The concrete planters along the streets were her idea. She envisioned the dogwood grove across from Walgreens. She came up with the plan for the old Pisgah Cemetery, an overgrown jungle, to be preserved and easily maintained. She designed the local history park on the riverbank on East Main Street. She spent many hours planting and watering flower beds at the Newport City Park and through her efforts the caboose was placed in the park. She and Doug Shoemaker were responsi- ble for the growth of white pines around the perimeter of the park.

While she wanted to be “a committee of one,” she was quick to say she couldn’t have accomplished this had it not been for “her boys” from the City Street Department. It was her direction and inspiration that began the beautification program that is in place today.

Tim Dockery is Director of the Newport Parks and Recreation through which the beautification program is managed.
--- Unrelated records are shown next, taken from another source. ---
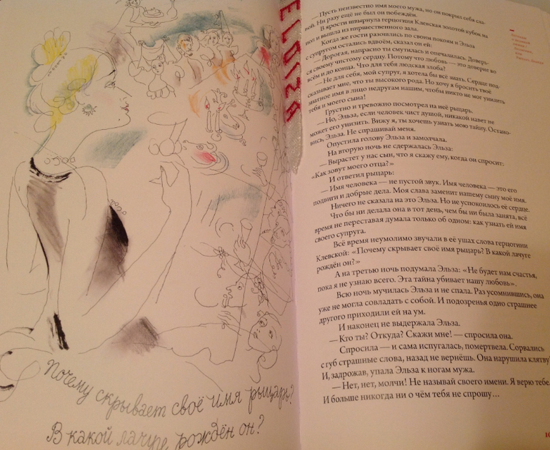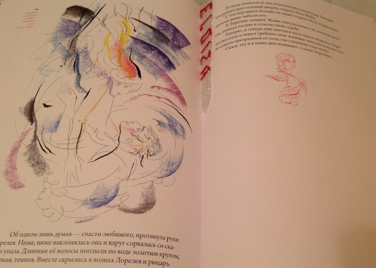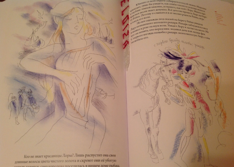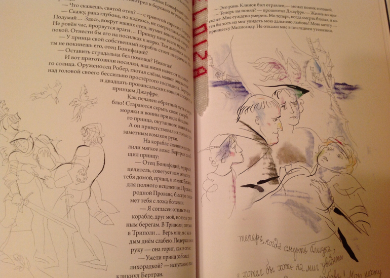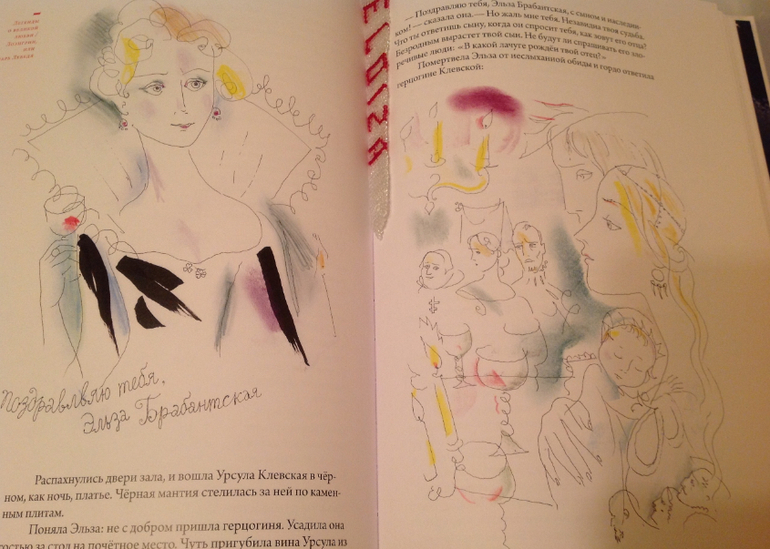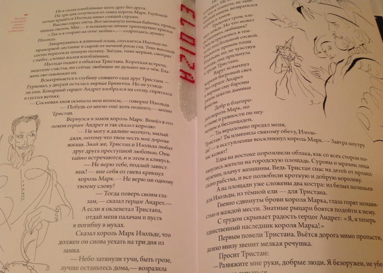 Я вот немного не по теме. Помню, был какой-то фильм, в котором герой говорил: никогда не доверяй девушке, которая целует тебя с открытыми глазами. Это я про разворот со сказкой "Флор и Бланшефлор" :)А книга красивая, воздушная. Красиво. При всей моей настороженности к Трауготам, которых я безоговорочно принимаю только в Байкальских сказках.
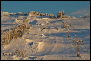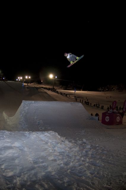 So saturday was the 2nd round of the Perisher Slopestyle Night Series. Because it was so popular last time, this time you had to do heats in the morning to get through to the night comp. As there were not many girls in my category, we all got through anyway which was lucky for me! So we just used the heats to get used to the new course and the new bigger money booter! Jed and Harley from our crew (BHK) got through too so I was stoked that we were all in the finals together again. No pics of me or the boys have surfaced yet, so here are just some pic of the course!
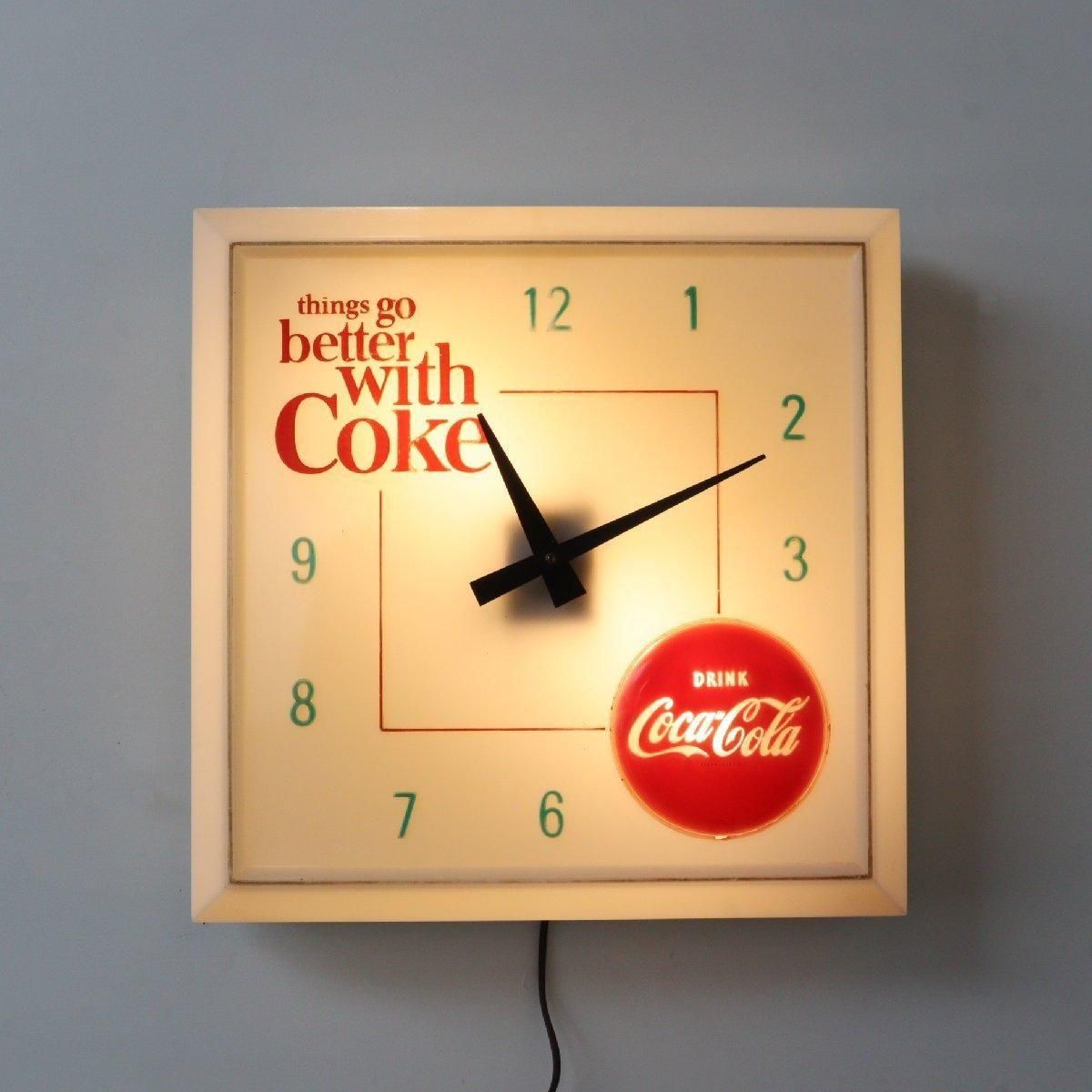 1960年代のCoca-Cola(コカコーラ)のライト付き壁掛け時計です。

This includes the various parks – City Park, Pet Milk, White Oak, Bryant Town, Fifth/ Filbert – as well as the grounds of the Community Center, City Hall and Police Department. They also maintain the Eva Sexton Greenway and the grassy areas around the interstate.

The flowers along the streets and on the bridges are particularly attractive. The plants are purchased by Faye Fish and are grown under a hydroponic system through a cycle of fertilizing/ fertilizing/flushing.

The city plants and maintains the flowers in hanging baskets, both 19inch and 24-inch, from the utility poles and the 44inch hayracks on the bridges. They have a watering tank of 500 gallons mounted on a vehicle to travel about town in a specific pattern.

Today, Keep Cocke County Beautiful currently sponsors the clean-up on Douglas Lake basin, one of the area’s most picturesque spots.